[Saved data entries]

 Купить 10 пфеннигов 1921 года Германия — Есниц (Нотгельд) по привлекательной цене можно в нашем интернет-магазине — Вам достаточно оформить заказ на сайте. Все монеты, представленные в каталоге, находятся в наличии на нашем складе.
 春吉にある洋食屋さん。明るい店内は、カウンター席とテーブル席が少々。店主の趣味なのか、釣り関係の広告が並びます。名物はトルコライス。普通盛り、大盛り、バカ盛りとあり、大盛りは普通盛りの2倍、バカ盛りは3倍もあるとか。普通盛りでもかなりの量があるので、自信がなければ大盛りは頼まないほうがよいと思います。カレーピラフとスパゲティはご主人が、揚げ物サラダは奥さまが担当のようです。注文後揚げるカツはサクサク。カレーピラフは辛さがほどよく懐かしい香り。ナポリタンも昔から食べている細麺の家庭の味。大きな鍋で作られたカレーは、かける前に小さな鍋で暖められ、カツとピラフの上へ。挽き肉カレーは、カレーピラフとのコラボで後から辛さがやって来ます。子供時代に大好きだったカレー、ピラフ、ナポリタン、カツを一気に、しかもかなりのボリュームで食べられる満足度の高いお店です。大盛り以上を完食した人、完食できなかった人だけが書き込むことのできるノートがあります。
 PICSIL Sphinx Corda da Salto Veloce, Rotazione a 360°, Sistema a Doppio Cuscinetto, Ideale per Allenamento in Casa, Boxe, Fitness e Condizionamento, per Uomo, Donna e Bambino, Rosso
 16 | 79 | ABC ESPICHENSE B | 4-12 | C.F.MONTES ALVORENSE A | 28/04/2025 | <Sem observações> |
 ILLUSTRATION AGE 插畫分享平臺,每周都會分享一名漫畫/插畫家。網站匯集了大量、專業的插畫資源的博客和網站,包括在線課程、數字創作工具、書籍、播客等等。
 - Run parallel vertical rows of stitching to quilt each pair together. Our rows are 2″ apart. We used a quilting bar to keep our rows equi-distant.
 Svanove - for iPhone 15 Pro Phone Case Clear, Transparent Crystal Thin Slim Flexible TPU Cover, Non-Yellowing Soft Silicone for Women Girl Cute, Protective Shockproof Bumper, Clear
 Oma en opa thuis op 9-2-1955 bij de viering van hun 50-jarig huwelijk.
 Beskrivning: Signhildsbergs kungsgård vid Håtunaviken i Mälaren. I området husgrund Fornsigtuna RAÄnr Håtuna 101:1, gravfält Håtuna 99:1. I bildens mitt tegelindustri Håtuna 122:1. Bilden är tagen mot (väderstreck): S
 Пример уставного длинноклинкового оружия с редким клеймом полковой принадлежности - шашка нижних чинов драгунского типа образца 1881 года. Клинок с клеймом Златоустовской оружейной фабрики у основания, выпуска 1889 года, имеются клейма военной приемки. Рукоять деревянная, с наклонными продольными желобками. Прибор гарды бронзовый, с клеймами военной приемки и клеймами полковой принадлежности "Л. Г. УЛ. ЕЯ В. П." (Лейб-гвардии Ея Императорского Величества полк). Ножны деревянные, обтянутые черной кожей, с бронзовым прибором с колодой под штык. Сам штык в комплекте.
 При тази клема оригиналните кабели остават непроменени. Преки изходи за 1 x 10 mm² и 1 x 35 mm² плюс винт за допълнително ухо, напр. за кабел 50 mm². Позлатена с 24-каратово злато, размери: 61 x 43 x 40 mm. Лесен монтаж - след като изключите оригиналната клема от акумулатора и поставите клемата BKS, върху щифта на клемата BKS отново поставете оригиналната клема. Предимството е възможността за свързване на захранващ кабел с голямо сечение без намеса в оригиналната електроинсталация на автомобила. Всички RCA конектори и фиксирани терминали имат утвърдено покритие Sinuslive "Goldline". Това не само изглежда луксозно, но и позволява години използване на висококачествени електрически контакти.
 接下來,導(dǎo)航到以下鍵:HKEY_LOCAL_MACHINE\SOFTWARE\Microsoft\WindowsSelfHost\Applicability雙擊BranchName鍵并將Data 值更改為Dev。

### What the task asks
After locating the line that contains "Svanove - for", please copy exactly every line from the start of the records through it, and nothing else.

### Reply to the task
 Купить 10 пфеннигов 1921 года Германия — Есниц (Нотгельд) по привлекательной цене можно в нашем интернет-магазине — Вам достаточно оформить заказ на сайте. Все монеты, представленные в каталоге, находятся в наличии на нашем складе.
 春吉にある洋食屋さん。明るい店内は、カウンター席とテーブル席が少々。店主の趣味なのか、釣り関係の広告が並びます。名物はトルコライス。普通盛り、大盛り、バカ盛りとあり、大盛りは普通盛りの2倍、バカ盛りは3倍もあるとか。普通盛りでもかなりの量があるので、自信がなければ大盛りは頼まないほうがよいと思います。カレーピラフとスパゲティはご主人が、揚げ物サラダは奥さまが担当のようです。注文後揚げるカツはサクサク。カレーピラフは辛さがほどよく懐かしい香り。ナポリタンも昔から食べている細麺の家庭の味。大きな鍋で作られたカレーは、かける前に小さな鍋で暖められ、カツとピラフの上へ。挽き肉カレーは、カレーピラフとのコラボで後から辛さがやって来ます。子供時代に大好きだったカレー、ピラフ、ナポリタン、カツを一気に、しかもかなりのボリュームで食べられる満足度の高いお店です。大盛り以上を完食した人、完食できなかった人だけが書き込むことのできるノートがあります。
 PICSIL Sphinx Corda da Salto Veloce, Rotazione a 360°, Sistema a Doppio Cuscinetto, Ideale per Allenamento in Casa, Boxe, Fitness e Condizionamento, per Uomo, Donna e Bambino, Rosso
 16 | 79 | ABC ESPICHENSE B | 4-12 | C.F.MONTES ALVORENSE A | 28/04/2025 | <Sem observações> |
 ILLUSTRATION AGE 插畫分享平臺,每周都會分享一名漫畫/插畫家。網站匯集了大量、專業的插畫資源的博客和網站,包括在線課程、數字創作工具、書籍、播客等等。
 - Run parallel vertical rows of stitching to quilt each pair together. Our rows are 2″ apart. We used a quilting bar to keep our rows equi-distant.
 Svanove - for iPhone 15 Pro Phone Case Clear, Transparent Crystal Thin Slim Flexible TPU Cover, Non-Yellowing Soft Silicone for Women Girl Cute, Protective Shockproof Bumper, Clear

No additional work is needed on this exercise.